Friday, 18 November 2011

Vegetable crisps

Sweet potato, carrot, beetroot, parsnip, olive oil
Preparation: 20 minutes

I'm not much of a crisp person - I tend to only eat them if I've made dips and need something to scoop up the gloriousness with, and since I discovered Fudge's I've been straying from what I call "posh crisps" (Kettle chips) and been using their nummy flatbreads instead. Now that it's autumn I'm very into flame coloured foods and root vegetables in particular and these vegetable crisps just make me feel like a kid kicking through crunchy leaves in wellingtons.

1) It's entirely up to you whether you peel the vegetables or not. I'm not a big fan of carrot or parsnip peel but I love potato peel so as you can see, mine are a mixture. You do need to peel the beetroot...
To get those thin, ribbons I use the potato peeler to peel the vegetables into strips. You could use a mandolin slicer if you wish but for best effect - go for the peeler.

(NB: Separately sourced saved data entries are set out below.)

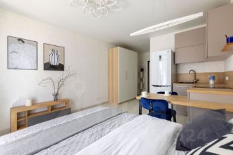 В квартире сделан дизайнерский ремонт, который подчеркнет ваш вкус и обеспечит комфортное проживание. Пространство студии продумано до мелочей: здесь есть вся необходимая мебель как на кухне, так и в комнате. Квартира оборудована современной техникой — имеется холодильник и стиральная машина. В ванной комнате установлена душевая кабина, что добавляет удобства и функциональности.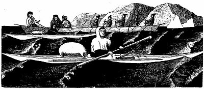 A kayaker in a half-jacket of skin, and a white cotton jacket (present fashion). Travellers in umiak.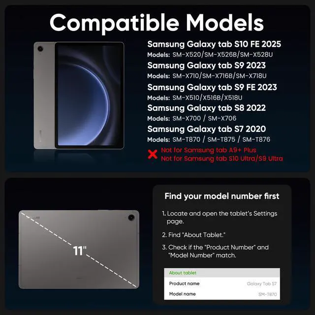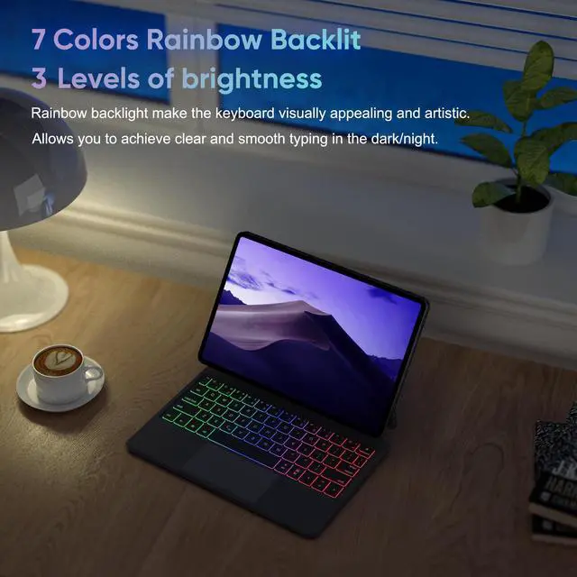 Adaptation Model- Compatible with Samsung Galaxy Tab S10 FE, S9 11 Inch 2023 (Model SM-X710/SM-X716B/SM-X718U)Tab S9 FE 10.9 inch 2023, Model: SM-X510/X516B/X518U, Tab S8 11 inch (Model SM-X700 / SM-X706) 2022 Release and Tab S7 11 inch (Model SM-T870 / SM-T875 / SM-T876) 2020 Release. Easy to carry anywhere, no matter you are in the office, at home, or on a go, transform your Samsung Tablet into a laptop within a second. ^^ Multi-Trackpad - Cursor and multi-touch gestures designed for Galaxy Tab S9/S9 FE/S8/S7. Simply put your tablet on the magnetic cover of the S9/S9 FE/S8/S7 keyboard case, and you can use the tablet like a laptop, providing a new navigation mode for your tablet, making it easy for you to edit documents or presentation pages on the tablet and Browse the web, effectively improve work and study efficiency. ^^ PU leather &Magic style - the Galaxy Tab S9/S9 FE/S8/S7 keyboard case is made of PU leather, which can effectively protect the tablet and avoid scratches on the back shell. Tab S9/S9 FE/S8/S7 Case adopts a magnetic levitation arm design, which makes your tablet seem to be suspended in the air and provides you with a more perfect viewing angle. ^^ Colorful Backlit/Scissor Keys - Using scissor keys, the Tab S9/S9 FE/S8/S7 keyboard with 7 colors backlight, 3 brightness levels are adjustable, and the keys are illuminated in a dim environment to achieve a comfortable typing experience.

2) Pat the vegetables dry with some kitchen roll, tedious I know but it really does make all the difference.

3) Either brush the strips with olive oil or pour a little in a bowl and toss them until coated and arrange them on a baking tray.

4) Bake in the oven for 5 - 10 minutes at 200 degrees. Carrot and beetroot will only need 5 minutes but the potatoes and parsnips will need 10.

5) Serve! These are fabulous as croutons in soup or to scoop up some dip. Some suggestions are: cheese & chive, Wensleydale & cranberry, Basil dip, roast pepper & goats cheese, spinach dip, rose tzatziki, avocado tzatziki, aioli, baked camembert, basil hummus and hummus.